If Anghami’s founders know one thing, it’s that people consume music differently in every part of the world. Anghami has worked hard to create an experience that's unique to listeners in the Arab world, explains co-founder Elie Habib. For example, consumers in the region often prefer mobile music to share easily with friends. Thus Anghami is only available on smartphones.

Deezer, however, is also available on the web. Though Anghami feels that a mobile focus separates them from the pack, Deezer is present on smartphones and the web simultaneously. Yet Anghami offers its mobile streaming service on nearly every smartphone platform, whereas Deezer is much more limited in its mobile presence.

Habib notes that consumers, especially in the region, often look to a streaming platform for new music suggestions. Anghami is paying special attention to discovery and recommendations, explains Habib. “We started with a Personal DJ function. We want to help people discover music.”

He teases that Anghami is releasing new features soon, including an Arabic version later this month, and new APIs to encourage independent developers to add to the platform. Currently 75% of Anghami users’ smartphones are set in English, and only 25% in Arabic.  

“Deezer is focused on 180 countries, we’re focused on 15. May the best one win,” he challenges. The two platforms will also compete with France-based Yala Music, which was founded in 2010 and operates on web and mobile in the Middle East.

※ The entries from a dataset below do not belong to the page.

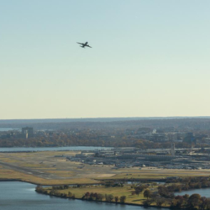 这是11月17日从美国首都华盛顿的华盛顿纪念碑上拍摄的位于弗吉尼亚州阿灵顿的里根国家机场。
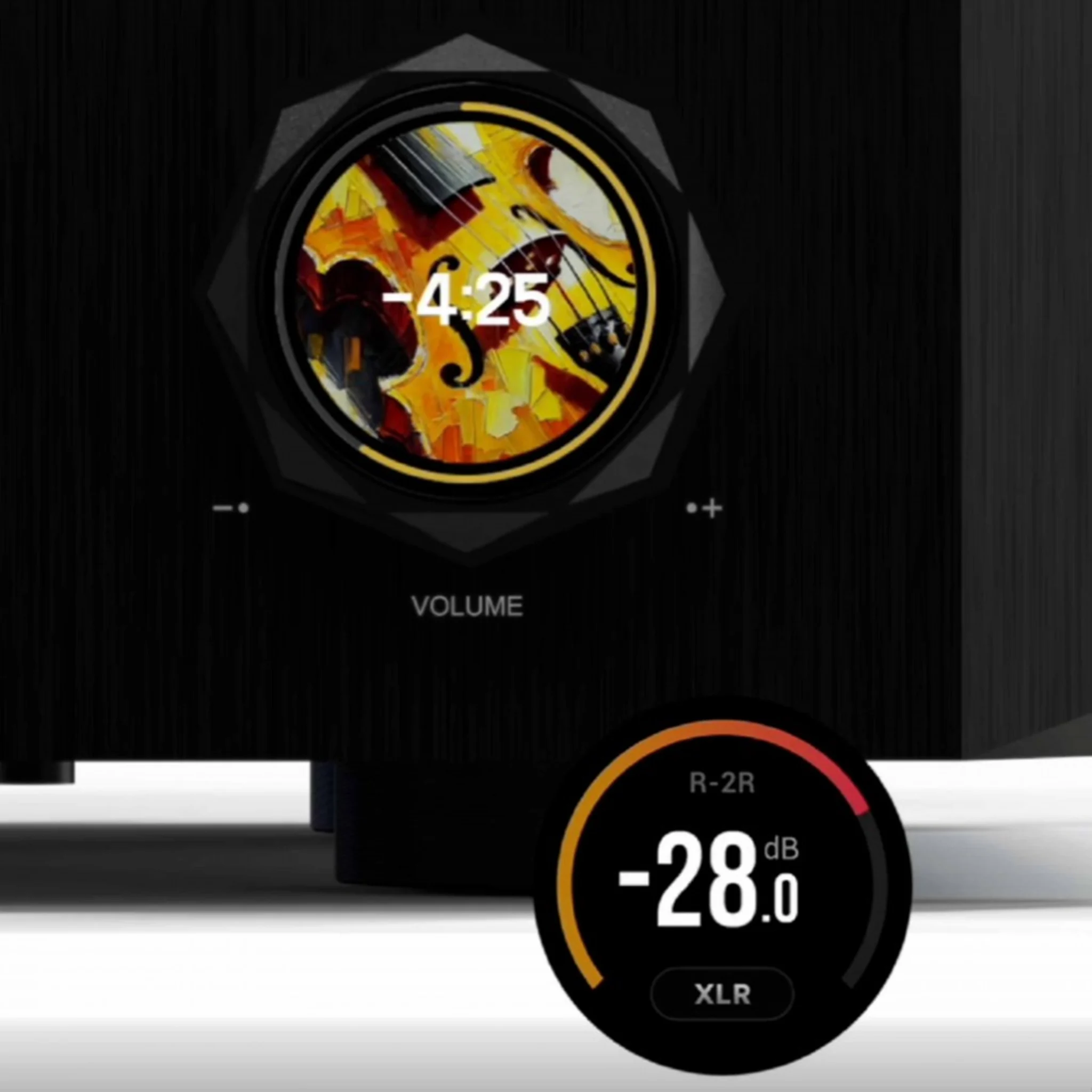 R2R-volymkontroll och strömförsörjning Förförstärkarsteget använder R2R-volymkontroll med 64 reläer och precisionmotstånd för exakt, brusfri volymstyrning. Dubbla lågbrusiga strömförsörjningar minimerar störningar i både digitala och analoga kretsar; analog kretsbrus kan reduceras till under 30 µVrms. En patenterad intelligent växlingsteknik gör enheten kompatibel med globala spänningsnivåer utan omkopplare.
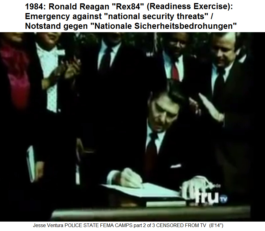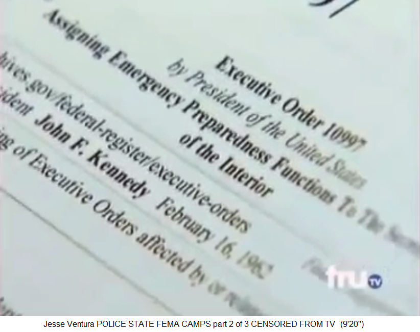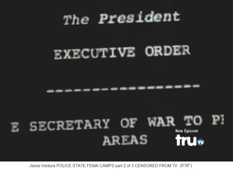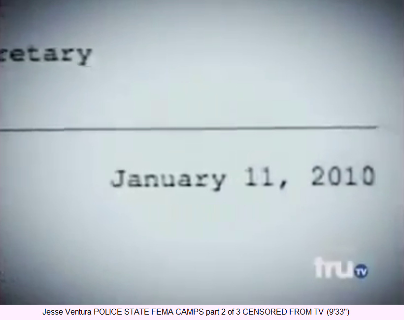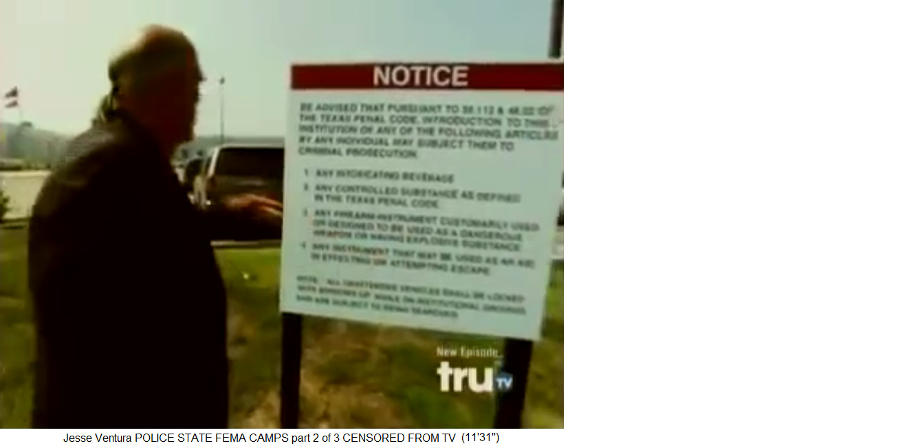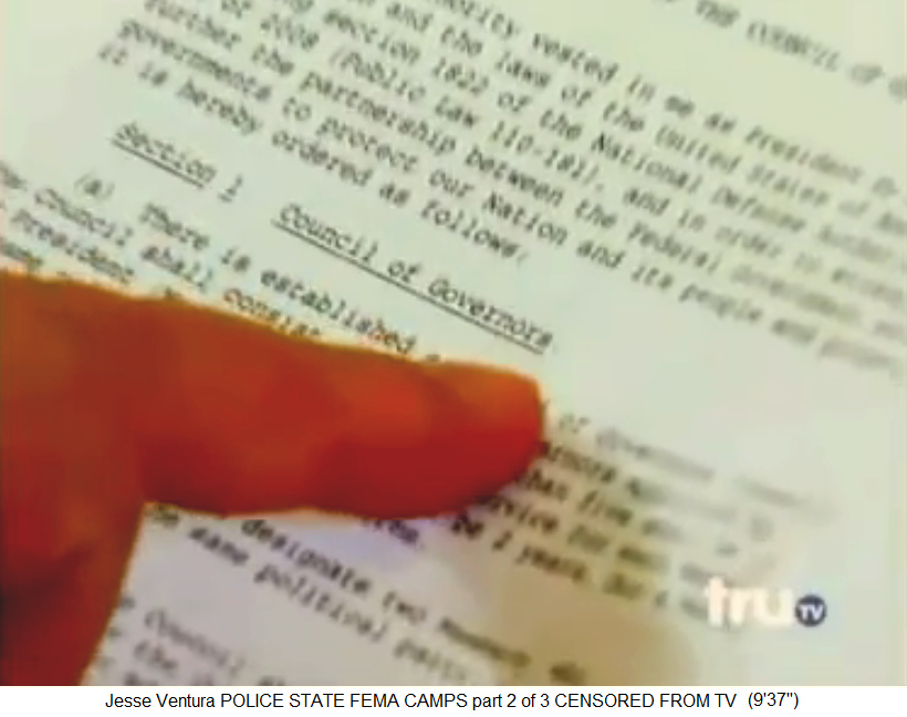 -- Jesse Ventura: Allí se describe la construcción de los campamentos de FEMA (11'2 ''). Existe la resolución especial de ley sobre la cual estamos hablando (11'5 '').

Functionality vs. Catalogue

Before starting Anghami, Eddy Maroun and Elie Habib made sure to secure key deals with regional and international labels. They currently feature licensed content from leading Arabic labels Rotana, Mazzika, and Melody, but also from major international labels Universal, Sony, EMI, Warner. Their biggest asset right now is an exclusive 3-year contract with Rotana for streaming music in Lebanon, the UAE and Saudi Arabia.

Anghami has also implemented a partnership with Orange in Jordan, and is going to launch one with Zain in Kuwait soon. They will build on these telecom partnerships with 3 or 4 more companies in the region, they say, and they've also finalized a deal with media conglomerate MBC. Through these partnerships, Anghami hopes to build trust with consumers before other companies move in. Several artists have also launched their album exclusively on Anghami, and the team hopes to attract more.

Can Deezer, with a larger music catalogue and established model, topple a platform with some key regional partnerships? The question is whether being a first mover gives Anghami the advantage. Users may not want to switch to another platform after their preferences and playlists are saved.

Deezer has the distinct advantage of a large international catalogue with over 20 million tracks available for streaming. But Habib isn’t threatened. “Everybody says ‘we have 20 million songs," he says, "but most people end up only listening to 100,000 songs. What you really care about is the core catalogue. Now, we have 2.5 million songs. By May or June we’ll have 5 or 6 million songs.” Anghami prefers to focus on music quality and regional appeal, he says, rather than on the number of songs available.

Healthy Competition

Perhaps a little competition is actually good for Anghami and the market. As many streaming music services have put it in the past, major competition is not between legal music services, but with piracy. The more valuable services that exist, the more likely people are to know and prefer legal digital music streaming.

“We’re pretty excited to have Deezer coming in. It validates that we are in the right place at the right time. We’re looking forward to having a healthy competition. At the end of the day, the user benefits from it,” says Habib.

The two services will probably cohabitate peacefully for a time. “The percent of people who are streaming music versus the entire smartphone population is so small. For us, it’s a growing market all over the world, it’s a nascent industry. A lot of things can change. It’s going to take a while before we’re really competing head on,” insists Elie Habib.